1
votes

I want to prevent the database from storing any values bigger than 20 into a table.

CREATE OR REPLACE TRIGGER Dont_Allow
AFTER INSERT ON Cities
FOR EACH ROW

WHEN (new.IDCity > 20)

BEGIN
   dbms_output.put_line('  Failed to insert ' || :new.IDCity);
   delete from orase where IDCity=:new.IDCity;
END;

While this does work in terms of not actually adding anything with an ID > 20, every time the trigger tries to do its magic, this shows up:

ORA-04091: table SYSTEM.ORASE is mutating, trigger/function may not see it
ORA-06512: at "SYSTEM.DONT_ALLOW", line 6
ORA-04088: error during execution of trigger 'SYSTEM.DONT_ALLOW'

What's a proper way of doing what I want?


EDIT:

I've decided to use a trigger for this:

After a new row is inserted into Employees, a trigger checks the new guy's salary and if it's above 21 units / hour, it takes 5% off management's bonus. Lame, but hey - I'm using a trigger to solve a problem I don't have: the outcome won't be pretty.

CREATE OR REPLACE TRIGGER Bite_Bonus
AFTER INSERT ON Employees
FOR EACH ROW

WHEN (new.HourSalary > 20)

BEGIN
   update Management set Bonus = Bonus - 5/100 * Bonus;
END;
3
Shouldn't you be using a BEFORE update trigger for this, and raising an exception if the id is invalid? - Mat
See my answer for a proper solution for this. IF, however you do use a trigger, then AFTER is definitely wrong. You need a BEFORE INSERT or BEFORE UPDATE trigger there, and, as Mat said, raise an exception if necessary. - TC1
@Mat is there a NOP for oracle? how can I abort the statements from being executed from within the trigger? - Buffalo
@Buffalo: what is a NOP? - Mat
@Mat NO-OPERATION. If a condition is met inside my BEFORE INSERT trigger (new.IDCity > 20), I want to abort the insert. - Buffalo

3 Answers

9
votes

You shouldn't be using a TRIGGER for that, you should be using a CHECK, like CONSTRAINT city_id_below_20 CHECK (IDCity < 20). You can use ALTER TABLE ADD CONSTRAINT to put it on an existing table.

5
votes

As TC1 indicated, the proper way to enforce this sort of requirement is to use a constraint.

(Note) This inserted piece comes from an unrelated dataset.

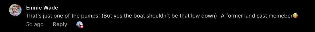 “That’s just one of the pumps (but yes the boat shouldn’t be that low down) – a former land cast member.”
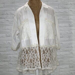 HAND CRAFTED Jacket Upcycled Peplum Lace Pearl Trim Floral White Bridal Large

If you are forced to use the inferior approach because this is a school assignment, you most likely want to raise an exception in your trigger

CREATE OR REPLACE TRIGGER Dont_Allow
  BEFORE INSERT OR UPDATE ON Cities
  FOR EACH ROW
  WHEN (new.IDCity > 20)
BEGIN
  RAISE_APPLICATION_ERROR( -20001, 'IDCity cannot exceed 20 so rejecting invalid value: ' || :new.IDCity );
END;
4
votes

If you need to use a trigger for this, make it a BEFORE INSERT trigger, not an AFTER INSERT - you don't want that insert to happen at all. Trying to "undo" it after the fact is not a good approach.

To abort the insert, all you need to do is raise an exception within that trigger. Probably the best thing for this is to raise an application error.